17. Upon checking the said Mr. Karani negotiated on his behalf for a prize of Kshs.180,000 sent to him and a transaction was done on his behalf before Mr. Kioga advocate.  He told the court he came later on to see the plot, took possession and instructed Mr. Karani to fence it off.  The appellant informed the court he continued paying rates for the council up to 2008.  When he was informed the respondent was allegedly interfering with his plot to which he instructed Mr. M’Inoti advocate to intervene through OCPD Isiolo police station by stopping any developments thereon.  He produced his ownership documents being a sale agreement dated 23. 5.1997, D. exhibit 1, receipts dated 23. 5.1997 and 28. 5.2008, fees for the agreement from his lawyers D. exhibit 2 (a) (b) & (c).  He told the court he had a part development plan which he produced as D. exhibit 3 and an acknowledgement request for the purchase price which he produced as D. exhibit 4.  He prayed for dismissal of the suit and he be grated ownership of the plot.

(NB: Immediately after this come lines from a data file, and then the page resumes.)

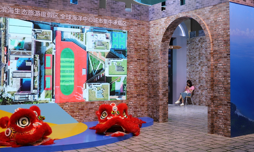 大鹏新区展馆内,大鹏所城元素非常显眼。曹欢庆摄
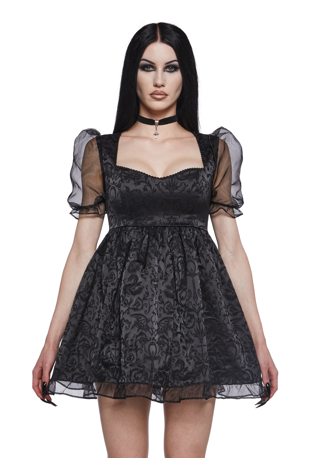 time to carry out your dark master’s wishes?? This spooktacular babydoll dress has an intricate brocade construction, sheer organza puff sleeves, ruffle trim, a sweetheart neckline, and a back satin bow closure.
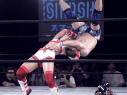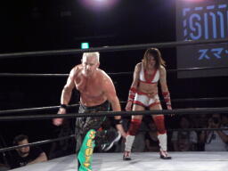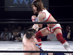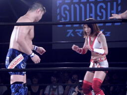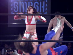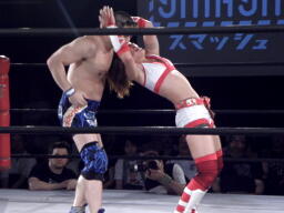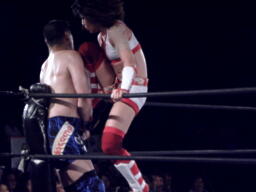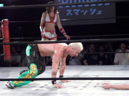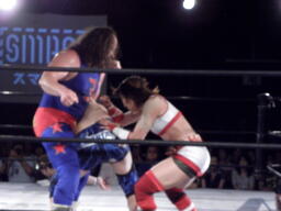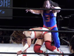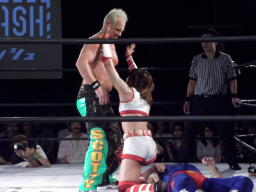 朱里ブレーンバスター、TAKAブロック。TAKA持ち上げる、朱里ブロックして投げる(右写真)、カウント2。10分経過。
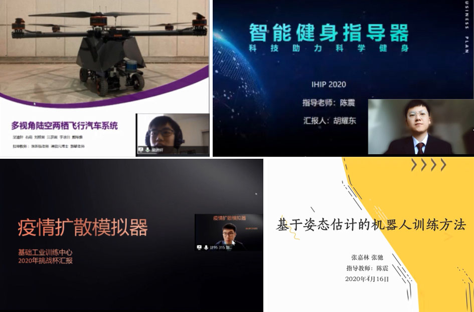 由基础工业训练中心教师参与指导的4项挑战杯大学生科技创新项目也在论坛上进行了进度汇报。汇报围绕机器人姿态控制、陆空两栖飞行汽车感知系统、疫情扩散模拟器、智能健身指导器等主题分享了最新进展,充分展示了以工程实践为基础,结合前沿技术与重大问题开展跨学科创新实践的成果。清华珠三角研究院未来能力发展研究中心工程师周军展示了智能制造实践教学平台的最新建设成果。
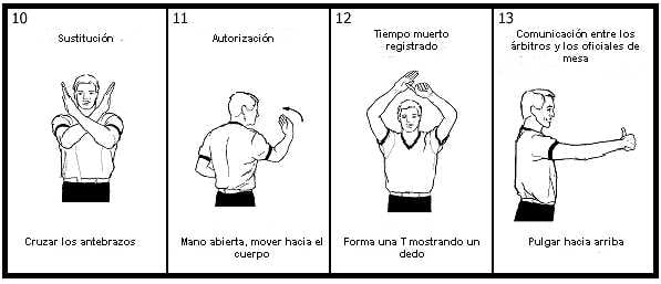 - Fin del cuarto/partido: El árbitro levanta los brazos y los agita, indicando que ha terminado el cuarto o el partido.
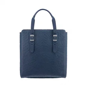 托特包“Bulgari Bvckle”丹宁蓝宝石色鸵鸟皮托特包,点缀镀深色钌金配饰。经典搭扣设计灵感源自搭配皮质表带的Bulgari腕表。一个拉链口袋,一个i-Pad专用袋配以皮带锁扣,两个敞口口袋和 一个 内置笔套。可调节、可脱卸手柄。另有其他颜色可选。中号。32.5 x 36 x 12.5 厘米 - 12.8 x 14.1 x 4.9 英寸
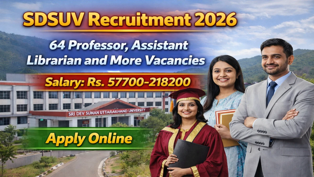 Sri Dev Suman Uttarakhand University (SDSUV) Professor, Assistant Librarian and More Notification 2026 has been released on 10-03-2026 on the official website sdsuv.co.in. A total of 64 vacancies have been announced through the SDSUV Recruitment 2026.
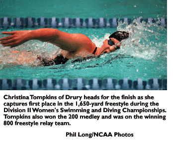 Drury was led by Christina Tompkins, who won the 1,650-yard freestyle, 200 medley and was part of the winning 800 freestyle relay team.

18. In cross examination the appellant confirmed DW 1 is the one who negotiated on his behalf, signed on his behalf, visited the county offices for the transfer documents (see a copy of the transfer forms) but though perhaps his lawyer is in possession of the said documents.  He told the court such details could only be answered by Dw 2 who was his representative during the same and transfer.

19. Further the appellant in cross examination, told the court is plot measures 50 by 100 it was plot no. 489, is located in Isiolo town centre, the agreement does not say exactly where in Isiolo town the PDP number was given to him by physical planner Isiolo.  The plot no. had been given to his previous owner, was not given another number in 1997, the PDP was prepared in 2001 and that the same was not signed by the Director of planning and approved by the commissioner for lands.

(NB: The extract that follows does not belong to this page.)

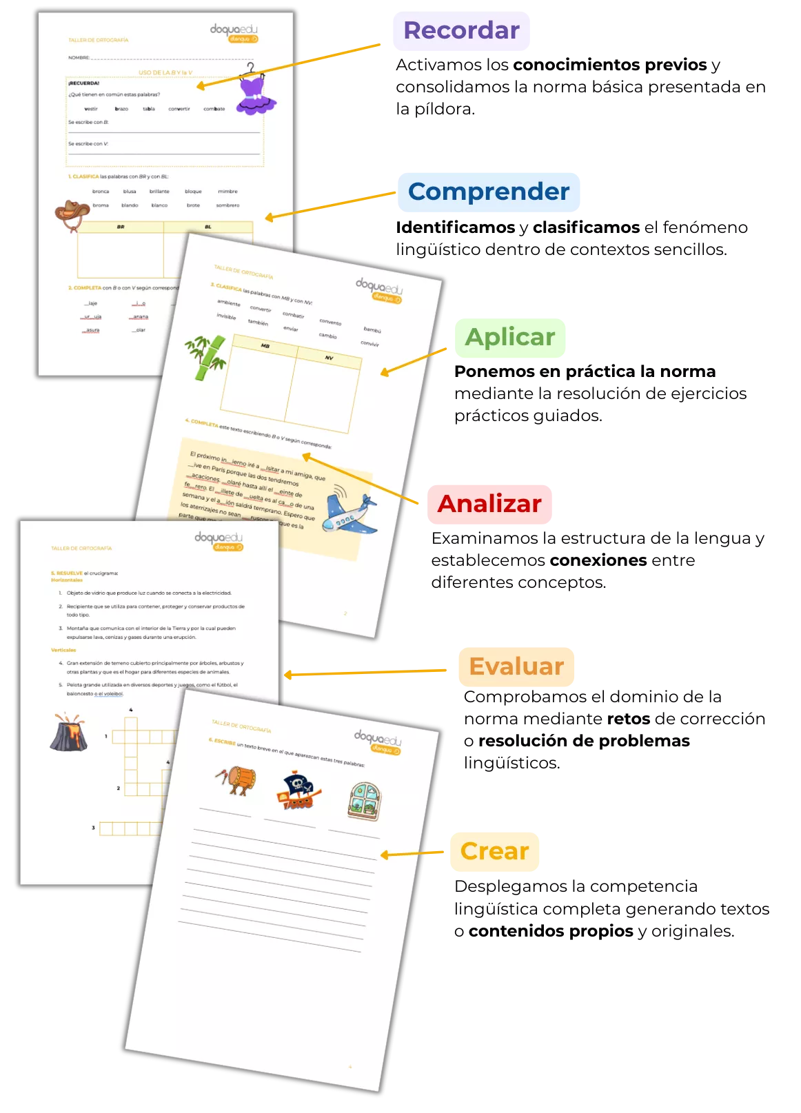 En Doquaedu diseñamos materiales de vanguardia para la atención multinivel en el área de lengua, cubriendo desde la gramática y la ortografía hasta la comprensión lectora, con un único objetivo: facilitar la labor docente con recursos que realmente funcionan en el aula actual.

20. Further the witness told the court D. exhibit 4 was signed by Karani on his behalf though it lacks a plot number.  Similarly in cross examination the appellant told the court, that though he was a police officer he still retain legal rights to complain over infringement of his land rights especially against the respondent. In his view he had instructed counsel to stop the construction through a court order and believed it was done.  He further testified he was paying rates but was not aware if the respondent was also paying the same.  The witness confirmed he had done no developments on the plot other than fencing off which the respondent removed it and destroyed it.  The witness maintained he was not duped through the seller was now deceased.  The witness confirmed to the county council since he bought the plot from Mwiraria.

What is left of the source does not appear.